First a preview of the Frontline video...


And if that got you on the edge of your seat, here's the real deal.

http://www.pbs.org/frontlineworld/stories/rendition701/video/main.html


Now this country has had the term "unlawful enemy combatants" since before the World Wars. These types of war-time criminals are nothing new. What was new, was the bravado and stealthy, shiftiness with which our country rationalized treating criminals badly. Held for years with no charges. Children taken and beaten. For the express purpose of using pain and brutality as information-gathering methods.

Folks THAT'S NOT WHAT AMERICA SHOULD BE ABOUT!!!

Of course there's going to be a segment of people reading this that says we should be able to do anything to anyone trying to hurt us or who wont help us stop the death of innocents. If you haven't learned by now that the world isn't always black and white...that it's not always clear as to who the bad guys are and whether they're even giving you good information...I'm afraid for you. That's not even addressing the notion that we're not supposed to subject ANYONE to pain and suffering. We're supposed to be better than that.

If you're defending this by saying "Jesus would support righteous self-defense" then heaven help you, there's no changing your mind anyway.

Let it be known, I'm not bringing this up to sling hash at any side in particular. There are enough skeletons in the closets of everyone to throw the proverbial Oingo Boingo "Dead Man's Party." I just happened to see this on my desk and thought I could illuminate something that others had either avoided or buried under the rug.
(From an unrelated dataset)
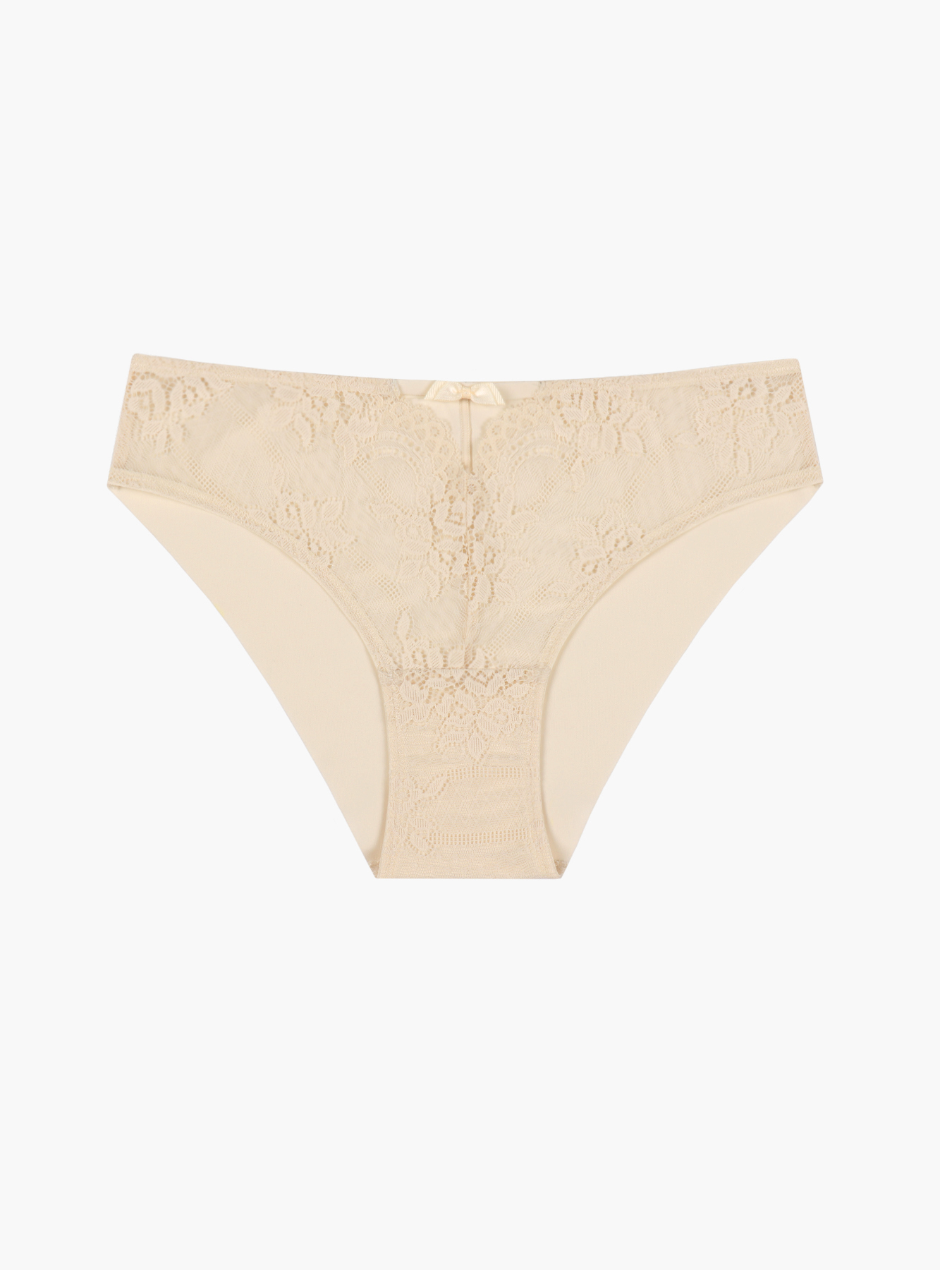 Трусы-слипы нежного бежевого оттенка, выполненные из мягкой эластичной ткани. Модель украшена изящной кружевной вставкой с миниатюрным бантиком в передней части.

I love this country. I'm not one of those people who thinks we've always been a terrible place and have a history of pain that outweighs the good we've done as a nation. I'm proud of us. That's why using pain and torture to protect ourselves is even more terrible. We are not a nation of Chuck Norrises, kicking ass first and finding out the story after the dust settles. We are a nation Mr. Smiths. Standing up for the little guy, but still defending ourselves when the time is right.

This issue will return sometime soon and now you're armed.